- _Problem to work on_
Exact copies of the lines below, from the one with "The compact digital" up to and including the one with "West Bottoms neightborhood.", are what this calls for; leave out pictures.

- _Data extracts_
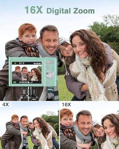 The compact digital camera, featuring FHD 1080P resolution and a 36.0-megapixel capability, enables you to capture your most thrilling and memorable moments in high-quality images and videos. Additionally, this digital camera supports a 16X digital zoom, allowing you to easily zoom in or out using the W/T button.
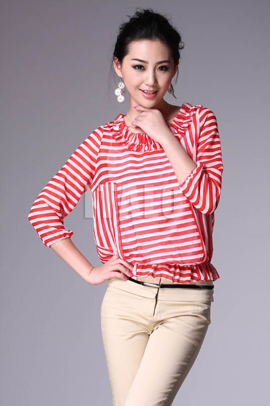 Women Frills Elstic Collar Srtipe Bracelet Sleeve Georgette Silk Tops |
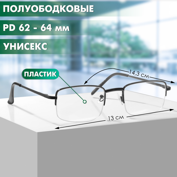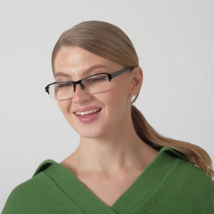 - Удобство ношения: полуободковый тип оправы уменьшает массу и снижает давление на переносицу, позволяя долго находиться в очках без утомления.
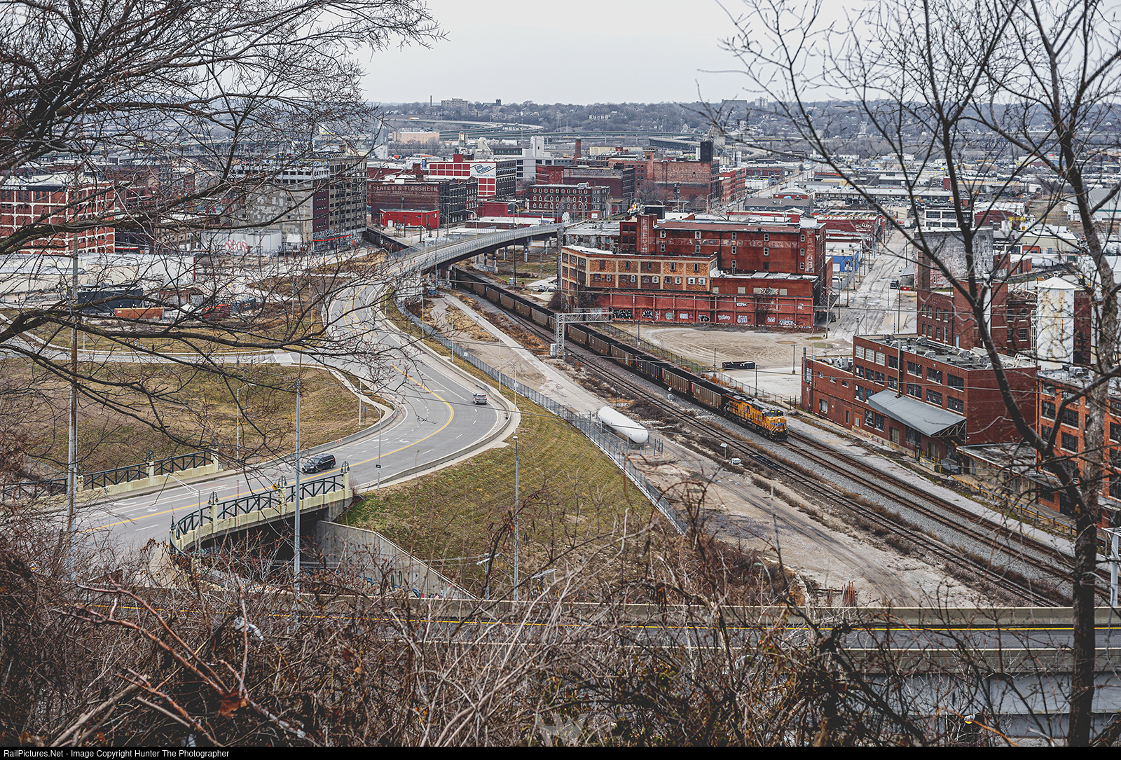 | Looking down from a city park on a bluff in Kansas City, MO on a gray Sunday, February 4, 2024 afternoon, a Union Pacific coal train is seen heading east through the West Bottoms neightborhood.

==

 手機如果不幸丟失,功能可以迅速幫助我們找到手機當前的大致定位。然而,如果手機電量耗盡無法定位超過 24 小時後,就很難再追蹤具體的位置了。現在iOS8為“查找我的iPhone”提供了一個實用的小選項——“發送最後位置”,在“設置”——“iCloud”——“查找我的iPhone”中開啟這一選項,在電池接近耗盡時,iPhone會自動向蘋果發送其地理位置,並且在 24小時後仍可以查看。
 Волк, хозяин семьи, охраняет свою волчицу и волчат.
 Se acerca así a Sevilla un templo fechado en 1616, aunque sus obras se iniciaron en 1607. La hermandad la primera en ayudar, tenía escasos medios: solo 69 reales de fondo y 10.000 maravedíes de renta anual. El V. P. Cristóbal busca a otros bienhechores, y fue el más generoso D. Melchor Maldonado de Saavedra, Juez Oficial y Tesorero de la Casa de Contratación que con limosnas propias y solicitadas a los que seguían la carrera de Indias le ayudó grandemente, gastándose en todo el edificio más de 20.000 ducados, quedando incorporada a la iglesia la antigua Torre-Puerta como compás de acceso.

* * *

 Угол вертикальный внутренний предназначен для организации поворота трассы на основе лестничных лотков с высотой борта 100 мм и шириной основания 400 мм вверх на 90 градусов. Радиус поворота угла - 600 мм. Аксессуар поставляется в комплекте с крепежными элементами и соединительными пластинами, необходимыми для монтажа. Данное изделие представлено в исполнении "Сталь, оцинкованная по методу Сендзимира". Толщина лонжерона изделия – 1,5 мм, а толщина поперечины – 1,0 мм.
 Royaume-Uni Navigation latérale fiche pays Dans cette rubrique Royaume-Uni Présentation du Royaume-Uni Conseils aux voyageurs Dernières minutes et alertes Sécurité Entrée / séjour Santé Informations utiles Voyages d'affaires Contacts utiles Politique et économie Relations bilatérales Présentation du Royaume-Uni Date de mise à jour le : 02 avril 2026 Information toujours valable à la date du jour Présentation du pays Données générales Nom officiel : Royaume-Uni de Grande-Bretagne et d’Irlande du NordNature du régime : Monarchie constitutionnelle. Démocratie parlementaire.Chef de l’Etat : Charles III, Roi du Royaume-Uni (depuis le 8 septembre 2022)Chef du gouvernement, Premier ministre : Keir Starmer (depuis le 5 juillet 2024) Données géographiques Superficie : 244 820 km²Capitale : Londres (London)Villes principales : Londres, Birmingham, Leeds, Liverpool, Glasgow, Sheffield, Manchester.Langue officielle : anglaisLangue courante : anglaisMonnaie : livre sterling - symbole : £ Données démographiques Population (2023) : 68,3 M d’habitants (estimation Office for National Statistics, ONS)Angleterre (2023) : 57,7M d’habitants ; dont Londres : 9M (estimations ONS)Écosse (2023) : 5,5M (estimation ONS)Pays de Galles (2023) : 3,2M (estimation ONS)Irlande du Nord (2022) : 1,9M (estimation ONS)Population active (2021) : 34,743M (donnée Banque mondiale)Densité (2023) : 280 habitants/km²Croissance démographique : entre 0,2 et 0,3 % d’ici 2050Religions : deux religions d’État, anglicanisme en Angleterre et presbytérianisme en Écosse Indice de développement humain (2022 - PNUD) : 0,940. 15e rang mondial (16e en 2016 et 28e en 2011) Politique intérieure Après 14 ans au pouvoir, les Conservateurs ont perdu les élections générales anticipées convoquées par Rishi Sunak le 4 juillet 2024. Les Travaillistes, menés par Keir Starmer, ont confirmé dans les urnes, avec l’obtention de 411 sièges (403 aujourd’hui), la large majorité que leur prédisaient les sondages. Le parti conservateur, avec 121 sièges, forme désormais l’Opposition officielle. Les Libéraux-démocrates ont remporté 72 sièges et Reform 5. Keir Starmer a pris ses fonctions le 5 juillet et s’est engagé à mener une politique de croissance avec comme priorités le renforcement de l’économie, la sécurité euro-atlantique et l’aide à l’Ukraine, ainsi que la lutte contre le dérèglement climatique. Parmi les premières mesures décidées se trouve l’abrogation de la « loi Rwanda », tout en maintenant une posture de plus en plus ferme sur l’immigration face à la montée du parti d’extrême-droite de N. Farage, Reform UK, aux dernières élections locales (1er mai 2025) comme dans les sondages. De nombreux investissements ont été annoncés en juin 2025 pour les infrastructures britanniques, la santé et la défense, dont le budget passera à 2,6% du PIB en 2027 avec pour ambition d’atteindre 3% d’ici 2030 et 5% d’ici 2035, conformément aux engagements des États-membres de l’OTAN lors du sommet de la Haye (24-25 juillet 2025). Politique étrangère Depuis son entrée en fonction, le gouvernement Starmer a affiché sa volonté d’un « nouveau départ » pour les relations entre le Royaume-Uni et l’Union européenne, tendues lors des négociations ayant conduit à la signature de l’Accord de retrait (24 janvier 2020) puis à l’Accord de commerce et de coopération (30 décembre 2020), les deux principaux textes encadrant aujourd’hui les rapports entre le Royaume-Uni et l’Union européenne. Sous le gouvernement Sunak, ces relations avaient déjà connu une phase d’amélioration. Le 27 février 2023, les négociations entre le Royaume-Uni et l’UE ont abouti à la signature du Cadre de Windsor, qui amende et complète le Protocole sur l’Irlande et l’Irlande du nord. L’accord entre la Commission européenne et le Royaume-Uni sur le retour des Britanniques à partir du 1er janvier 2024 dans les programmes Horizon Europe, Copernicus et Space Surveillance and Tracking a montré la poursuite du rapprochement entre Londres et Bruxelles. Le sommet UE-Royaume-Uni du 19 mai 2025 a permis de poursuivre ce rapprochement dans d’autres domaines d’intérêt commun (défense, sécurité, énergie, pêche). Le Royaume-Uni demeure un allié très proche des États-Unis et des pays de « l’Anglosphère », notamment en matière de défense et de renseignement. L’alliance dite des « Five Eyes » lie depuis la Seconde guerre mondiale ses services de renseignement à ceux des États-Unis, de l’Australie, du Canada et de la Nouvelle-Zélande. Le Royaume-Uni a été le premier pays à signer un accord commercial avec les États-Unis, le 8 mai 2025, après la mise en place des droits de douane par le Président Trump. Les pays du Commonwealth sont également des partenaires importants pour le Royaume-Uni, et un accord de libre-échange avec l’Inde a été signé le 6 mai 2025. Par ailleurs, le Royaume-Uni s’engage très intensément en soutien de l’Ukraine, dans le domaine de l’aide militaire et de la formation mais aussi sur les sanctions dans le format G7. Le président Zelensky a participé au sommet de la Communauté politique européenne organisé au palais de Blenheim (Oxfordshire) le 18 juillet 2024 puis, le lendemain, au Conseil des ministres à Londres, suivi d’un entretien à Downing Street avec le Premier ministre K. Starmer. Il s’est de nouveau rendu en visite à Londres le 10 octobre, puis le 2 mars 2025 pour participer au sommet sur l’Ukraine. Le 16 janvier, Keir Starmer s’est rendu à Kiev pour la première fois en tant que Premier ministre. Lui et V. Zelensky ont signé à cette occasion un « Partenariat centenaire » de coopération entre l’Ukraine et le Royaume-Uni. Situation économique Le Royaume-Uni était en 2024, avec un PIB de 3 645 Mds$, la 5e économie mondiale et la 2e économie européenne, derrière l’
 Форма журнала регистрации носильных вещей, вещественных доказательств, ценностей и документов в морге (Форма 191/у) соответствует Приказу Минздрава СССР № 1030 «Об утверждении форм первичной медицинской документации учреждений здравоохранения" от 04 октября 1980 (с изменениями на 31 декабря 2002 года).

- _Result of the task_
 The compact digital camera, featuring FHD 1080P resolution and a 36.0-megapixel capability, enables you to capture your most thrilling and memorable moments in high-quality images and videos. Additionally, this digital camera supports a 16X digital zoom, allowing you to easily zoom in or out using the W/T button.
 Women Frills Elstic Collar Srtipe Bracelet Sleeve Georgette Silk Tops |
 - Удобство ношения: полуободковый тип оправы уменьшает массу и снижает давление на переносицу, позволяя долго находиться в очках без утомления.
 | Looking down from a city park on a bluff in Kansas City, MO on a gray Sunday, February 4, 2024 afternoon, a Union Pacific coal train is seen heading east through the West Bottoms neightborhood.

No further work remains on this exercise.